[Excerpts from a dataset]
==*==
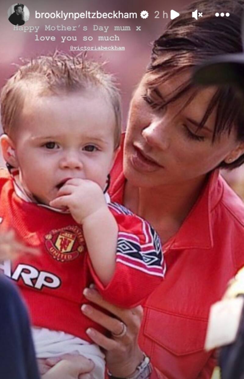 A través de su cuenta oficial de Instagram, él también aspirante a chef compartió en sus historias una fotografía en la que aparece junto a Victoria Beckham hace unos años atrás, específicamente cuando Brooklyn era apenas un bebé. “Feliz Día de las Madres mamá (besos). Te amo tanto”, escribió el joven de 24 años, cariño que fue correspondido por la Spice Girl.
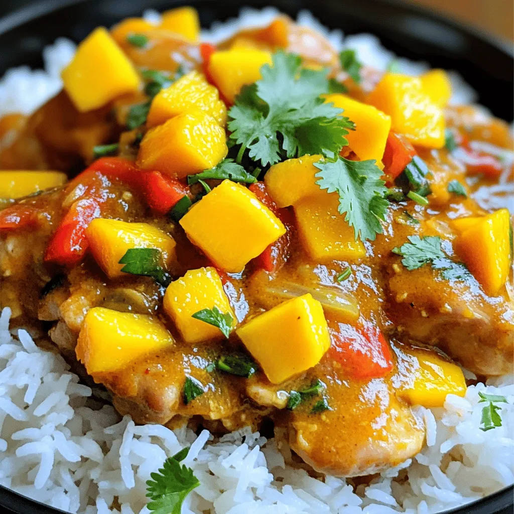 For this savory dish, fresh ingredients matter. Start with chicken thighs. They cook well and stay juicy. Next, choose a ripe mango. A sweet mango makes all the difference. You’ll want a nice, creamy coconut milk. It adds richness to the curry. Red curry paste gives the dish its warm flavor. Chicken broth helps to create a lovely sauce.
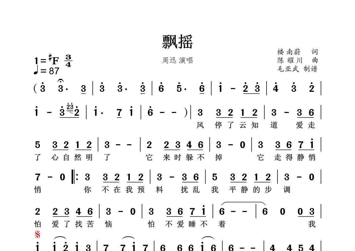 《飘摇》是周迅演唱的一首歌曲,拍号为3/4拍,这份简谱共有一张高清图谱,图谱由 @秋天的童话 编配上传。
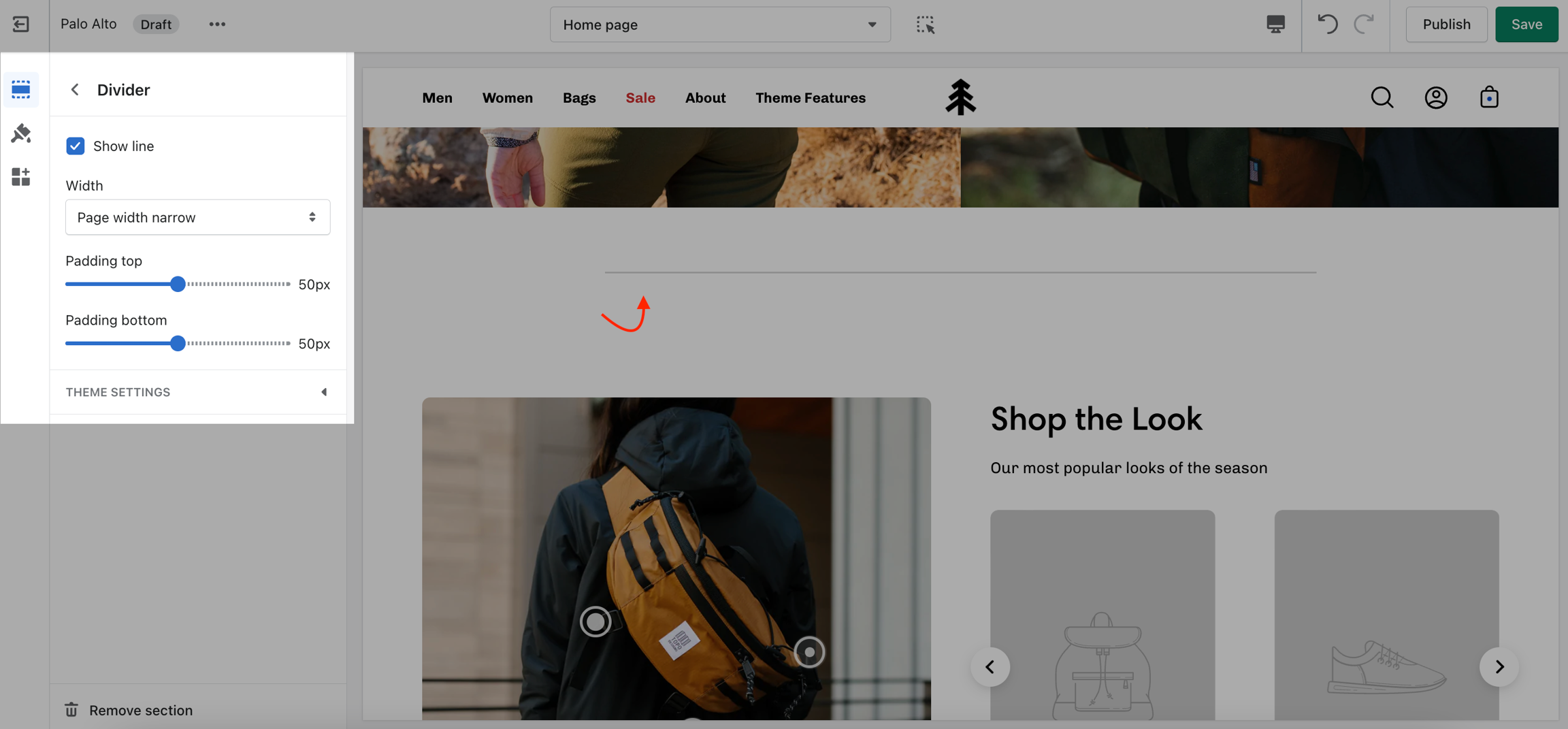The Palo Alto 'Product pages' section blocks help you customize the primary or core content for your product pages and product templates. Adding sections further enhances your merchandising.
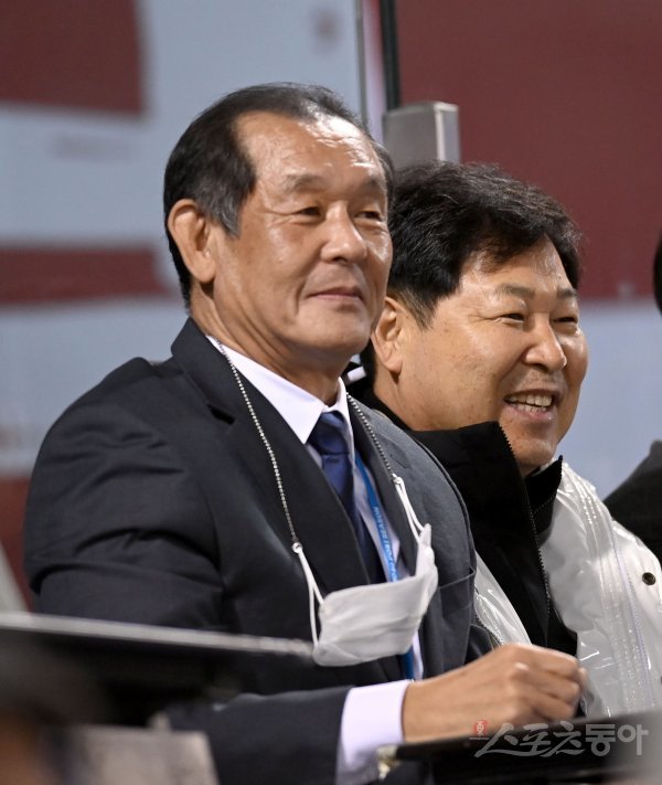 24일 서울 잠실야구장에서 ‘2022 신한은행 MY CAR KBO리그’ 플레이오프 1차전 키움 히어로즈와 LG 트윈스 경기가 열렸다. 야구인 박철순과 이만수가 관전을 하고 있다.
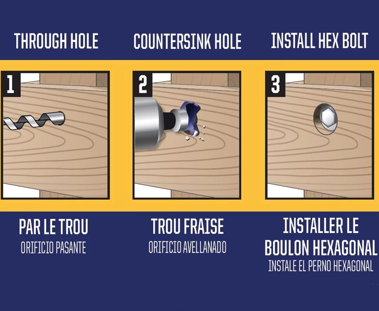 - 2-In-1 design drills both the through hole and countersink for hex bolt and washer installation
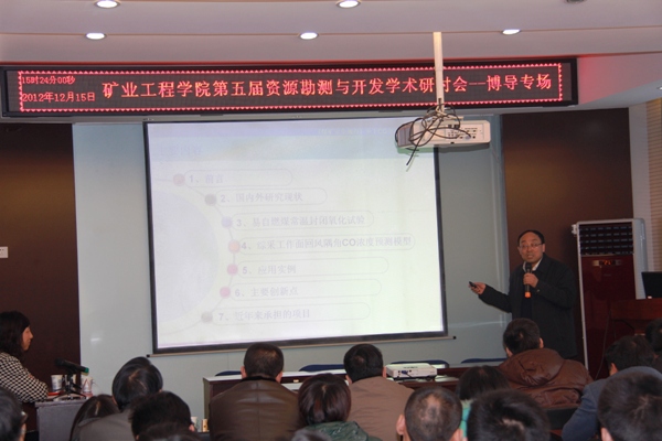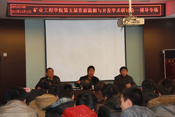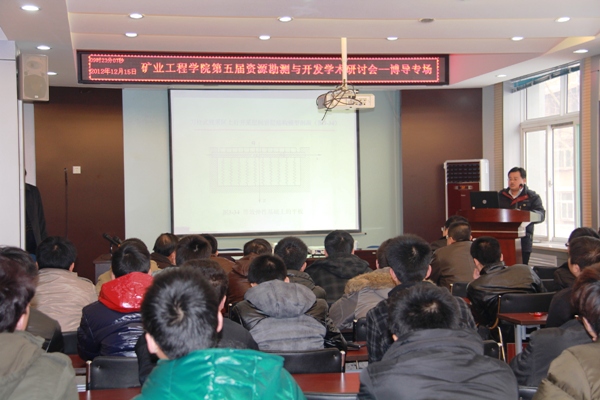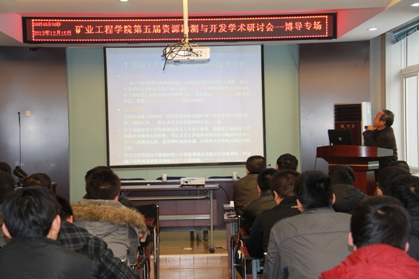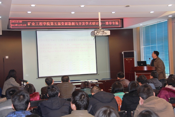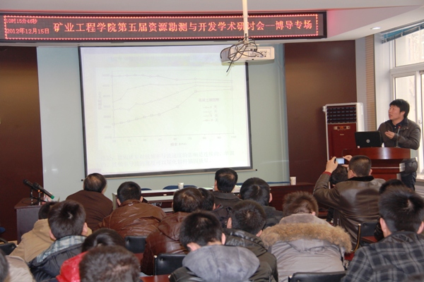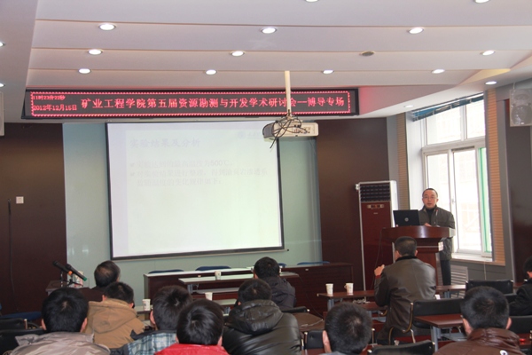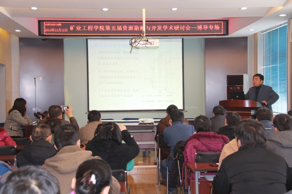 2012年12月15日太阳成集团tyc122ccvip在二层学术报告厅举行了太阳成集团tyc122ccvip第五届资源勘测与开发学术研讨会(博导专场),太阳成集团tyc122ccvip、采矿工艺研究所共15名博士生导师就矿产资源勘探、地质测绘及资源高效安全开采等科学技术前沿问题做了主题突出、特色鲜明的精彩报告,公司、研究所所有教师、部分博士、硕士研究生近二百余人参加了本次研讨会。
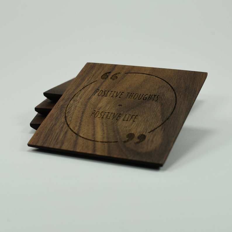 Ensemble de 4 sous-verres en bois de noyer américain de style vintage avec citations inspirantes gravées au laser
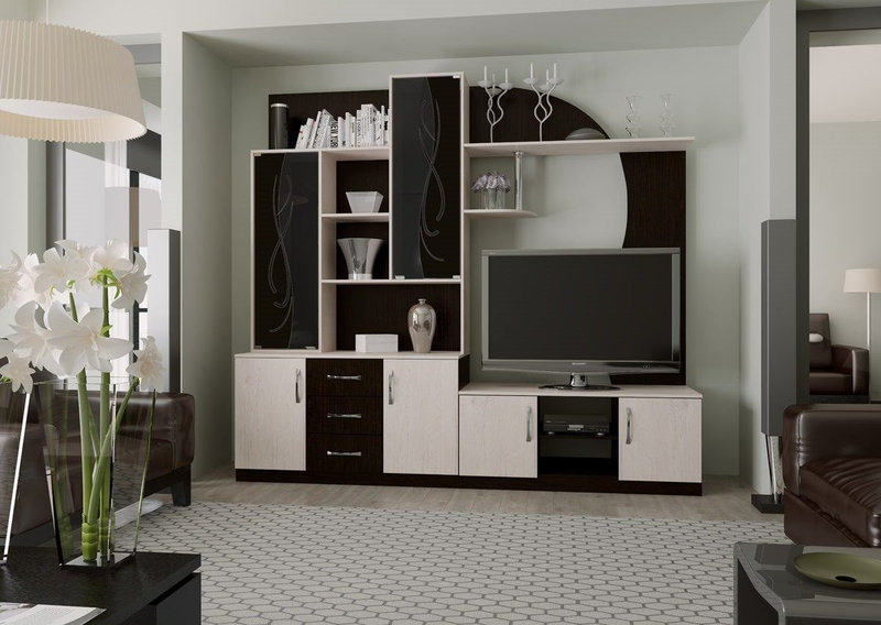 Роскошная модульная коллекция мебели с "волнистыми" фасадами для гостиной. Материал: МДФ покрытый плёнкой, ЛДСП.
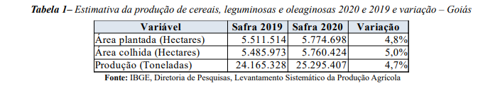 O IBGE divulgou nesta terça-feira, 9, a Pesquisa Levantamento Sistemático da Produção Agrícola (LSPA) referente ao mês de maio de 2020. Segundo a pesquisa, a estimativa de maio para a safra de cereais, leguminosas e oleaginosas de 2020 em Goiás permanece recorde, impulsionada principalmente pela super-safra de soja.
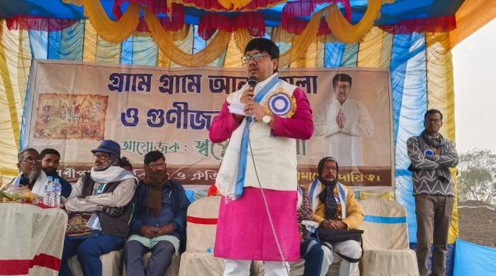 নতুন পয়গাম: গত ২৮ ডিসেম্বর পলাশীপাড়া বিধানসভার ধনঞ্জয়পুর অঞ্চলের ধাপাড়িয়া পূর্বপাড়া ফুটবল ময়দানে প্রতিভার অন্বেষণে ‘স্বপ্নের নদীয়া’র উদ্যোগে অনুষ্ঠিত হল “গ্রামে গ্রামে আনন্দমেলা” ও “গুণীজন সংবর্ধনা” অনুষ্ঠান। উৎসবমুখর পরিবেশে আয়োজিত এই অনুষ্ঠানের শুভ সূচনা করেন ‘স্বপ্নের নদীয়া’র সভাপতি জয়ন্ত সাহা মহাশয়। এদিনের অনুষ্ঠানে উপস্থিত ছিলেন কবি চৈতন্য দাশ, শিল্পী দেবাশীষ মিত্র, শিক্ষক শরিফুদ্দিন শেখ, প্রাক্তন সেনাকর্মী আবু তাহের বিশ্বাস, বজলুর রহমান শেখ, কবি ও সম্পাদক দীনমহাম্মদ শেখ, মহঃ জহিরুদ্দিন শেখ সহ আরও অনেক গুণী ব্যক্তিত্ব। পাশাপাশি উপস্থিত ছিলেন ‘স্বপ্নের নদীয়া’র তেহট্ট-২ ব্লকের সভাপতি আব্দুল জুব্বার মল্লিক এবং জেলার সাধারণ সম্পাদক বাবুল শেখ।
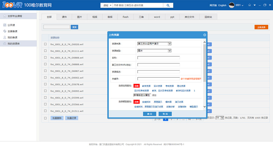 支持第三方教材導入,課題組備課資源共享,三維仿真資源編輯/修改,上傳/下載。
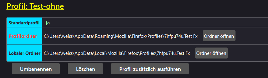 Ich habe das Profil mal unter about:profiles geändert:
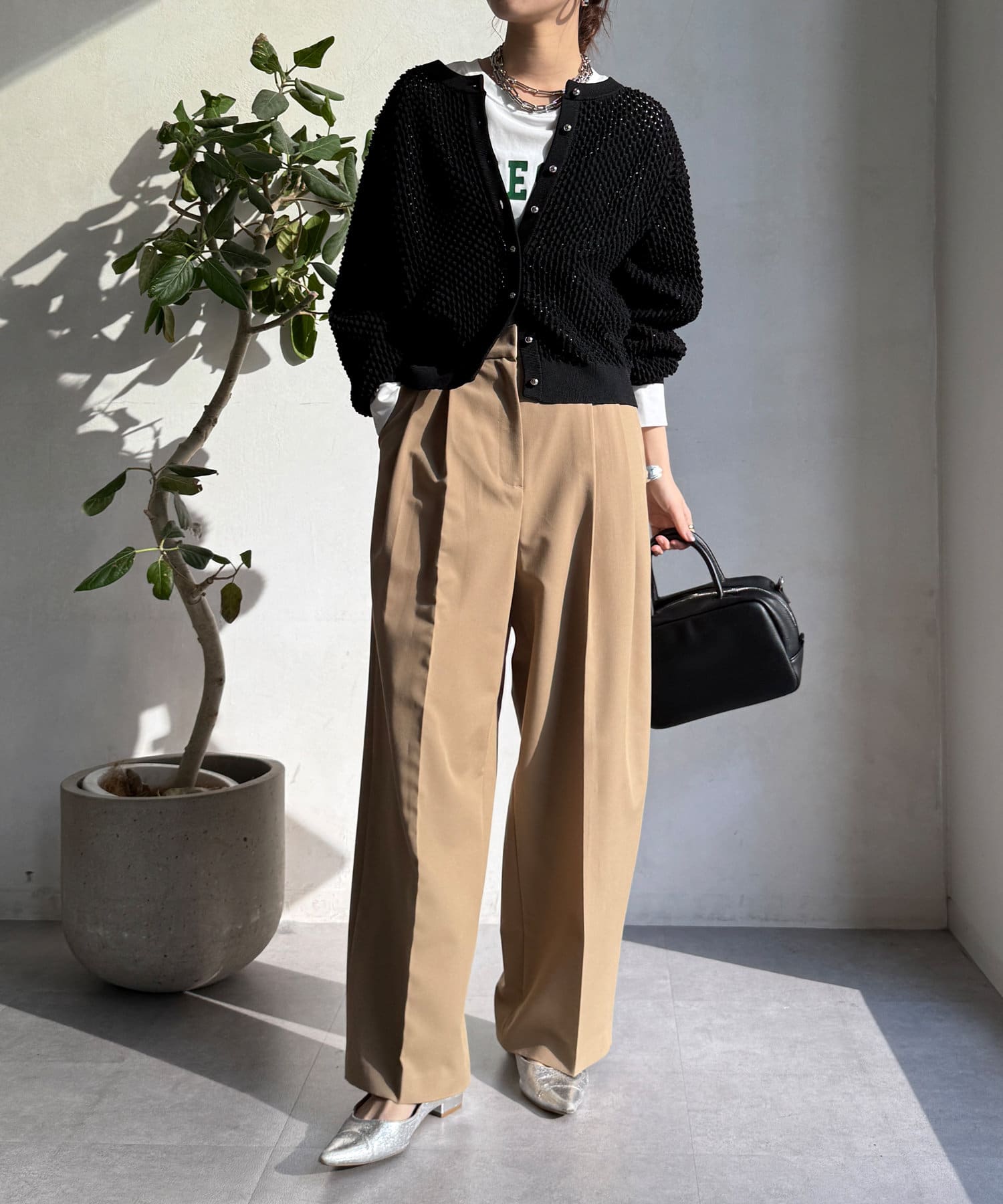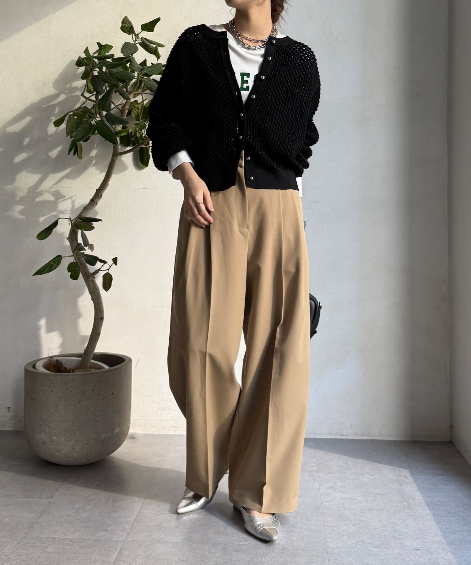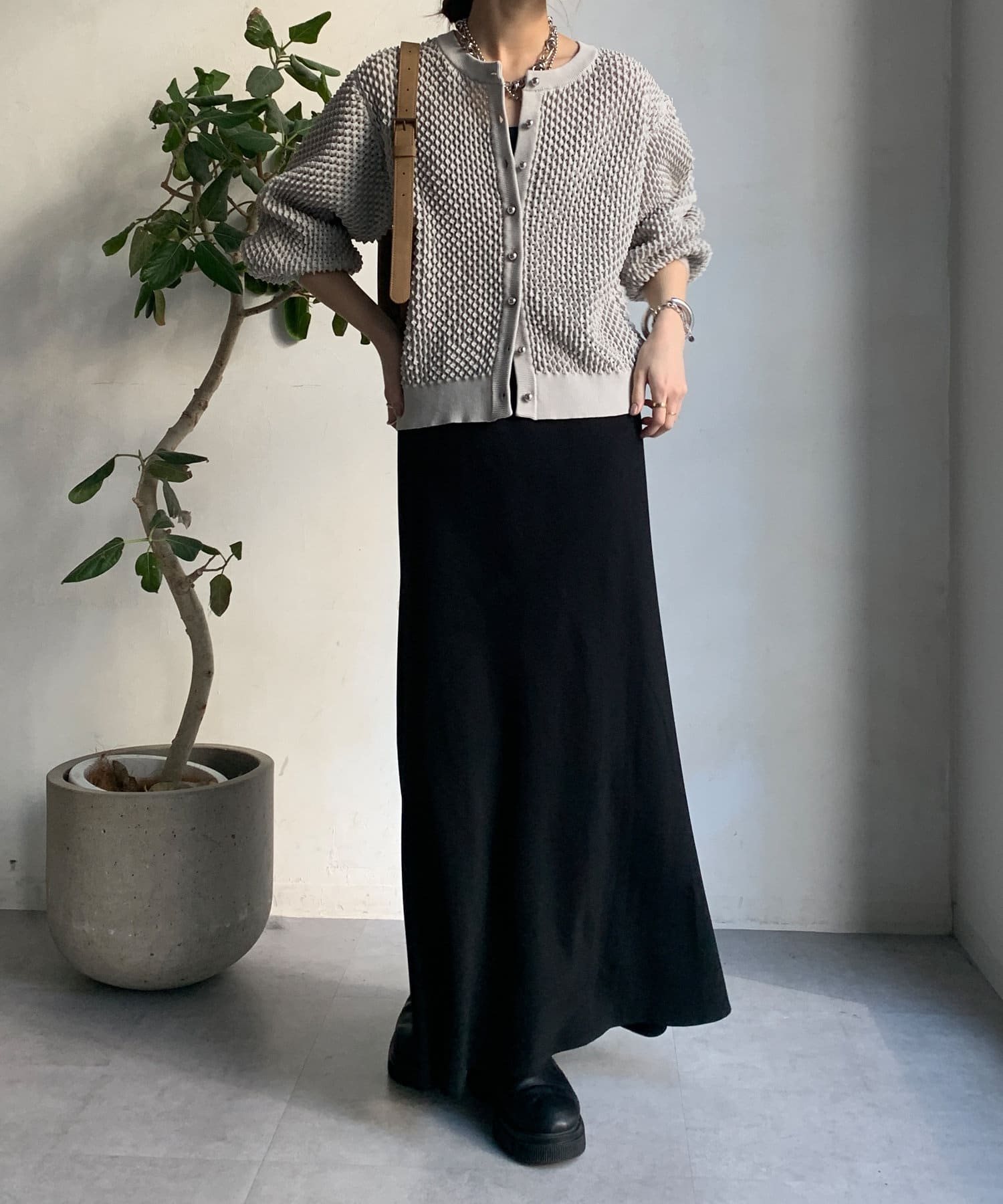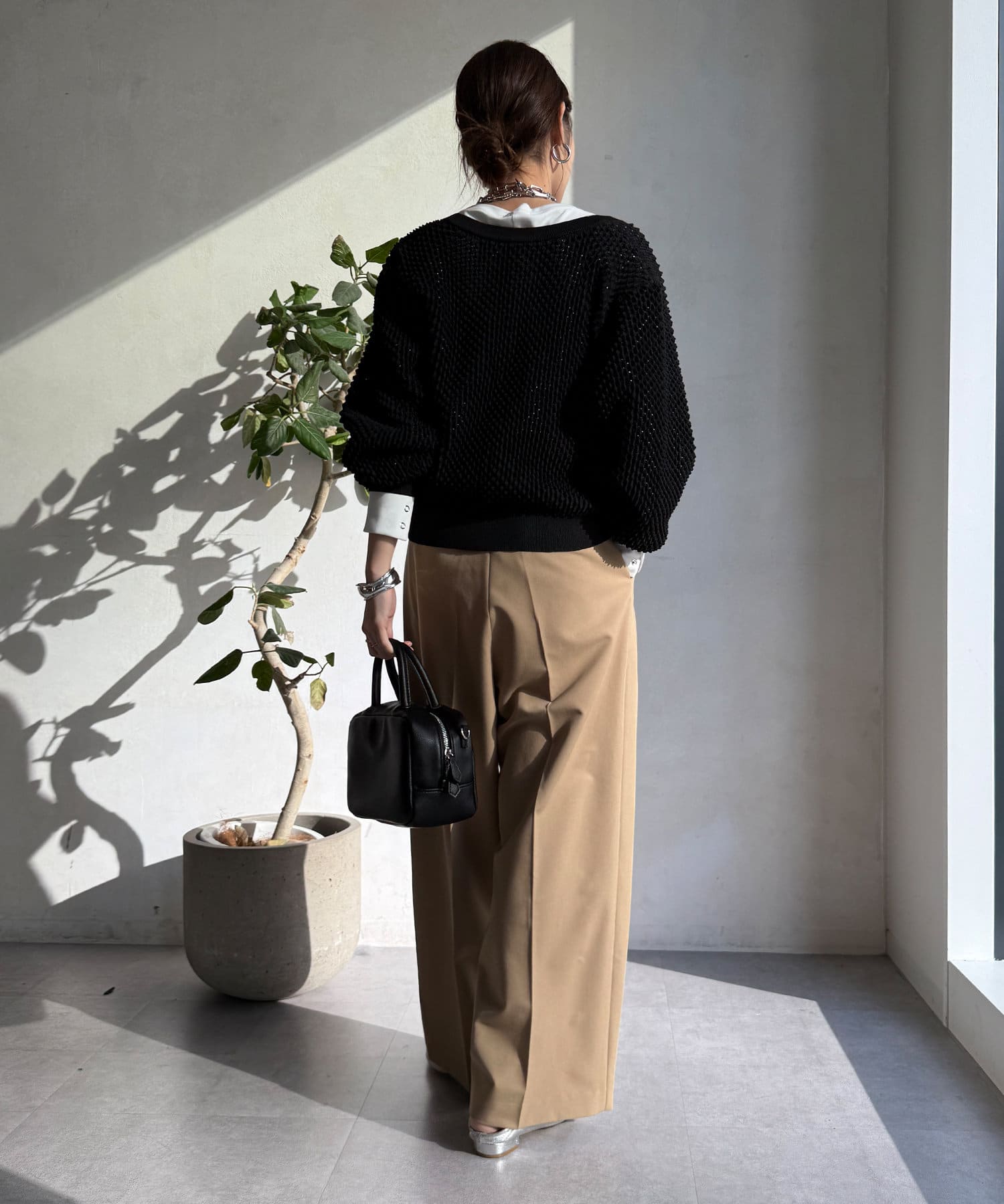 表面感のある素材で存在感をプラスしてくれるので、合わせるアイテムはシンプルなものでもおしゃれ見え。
==*==
### [TASK BRIEF]
In the records above, find the line with "Ensemble de 4" and the line with "O IBGE divulgou". Write out exactly those lines and every one between, with no pictures and no other lines.

### [PROBLEM SOLUTION]
 Ensemble de 4 sous-verres en bois de noyer américain de style vintage avec citations inspirantes gravées au laser
 Роскошная модульная коллекция мебели с "волнистыми" фасадами для гостиной. Материал: МДФ покрытый плёнкой, ЛДСП.
 O IBGE divulgou nesta terça-feira, 9, a Pesquisa Levantamento Sistemático da Produção Agrícola (LSPA) referente ao mês de maio de 2020. Segundo a pesquisa, a estimativa de maio para a safra de cereais, leguminosas e oleaginosas de 2020 em Goiás permanece recorde, impulsionada principalmente pela super-safra de soja.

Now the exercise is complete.